--- START ---

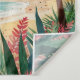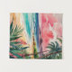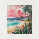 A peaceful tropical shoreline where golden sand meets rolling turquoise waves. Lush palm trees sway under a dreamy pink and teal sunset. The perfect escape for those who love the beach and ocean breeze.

--- END ---
--- START ---

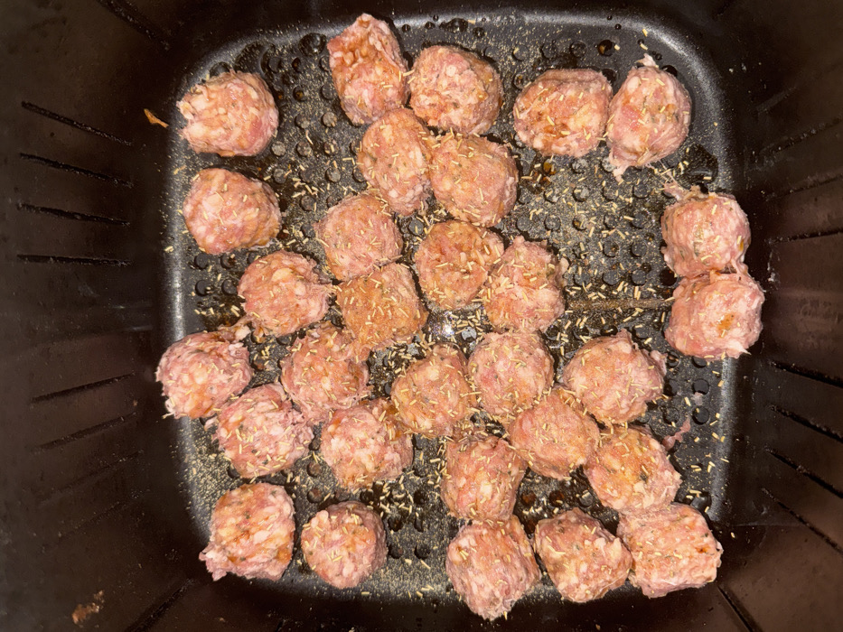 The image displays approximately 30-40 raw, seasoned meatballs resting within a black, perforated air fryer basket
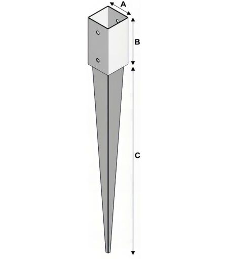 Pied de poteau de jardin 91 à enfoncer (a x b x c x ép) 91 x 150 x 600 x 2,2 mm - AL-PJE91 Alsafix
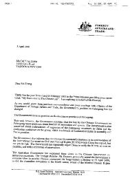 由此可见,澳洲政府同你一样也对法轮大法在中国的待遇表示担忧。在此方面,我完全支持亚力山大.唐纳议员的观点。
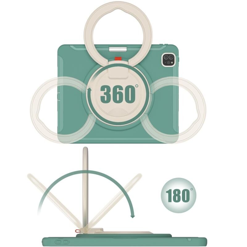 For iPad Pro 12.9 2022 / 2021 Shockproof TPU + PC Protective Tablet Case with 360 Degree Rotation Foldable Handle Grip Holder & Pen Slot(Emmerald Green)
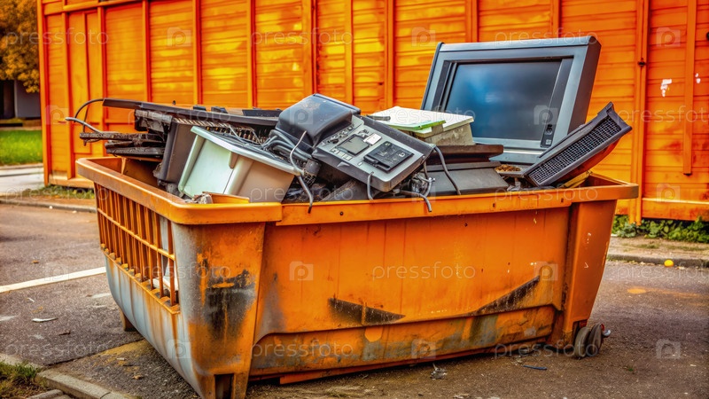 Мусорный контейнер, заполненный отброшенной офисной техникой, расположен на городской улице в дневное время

--- END ---

Exercise prompt ▸ Give again, exactly as written above, every line from the one holding "For iPad Pro" to the one holding "Мусорный контейнер, заполненный", with both ends kept and the pictures left out.

Output of the task ▸
 For iPad Pro 12.9 2022 / 2021 Shockproof TPU + PC Protective Tablet Case with 360 Degree Rotation Foldable Handle Grip Holder & Pen Slot(Emmerald Green)
 Мусорный контейнер, заполненный отброшенной офисной техникой, расположен на городской улице в дневное время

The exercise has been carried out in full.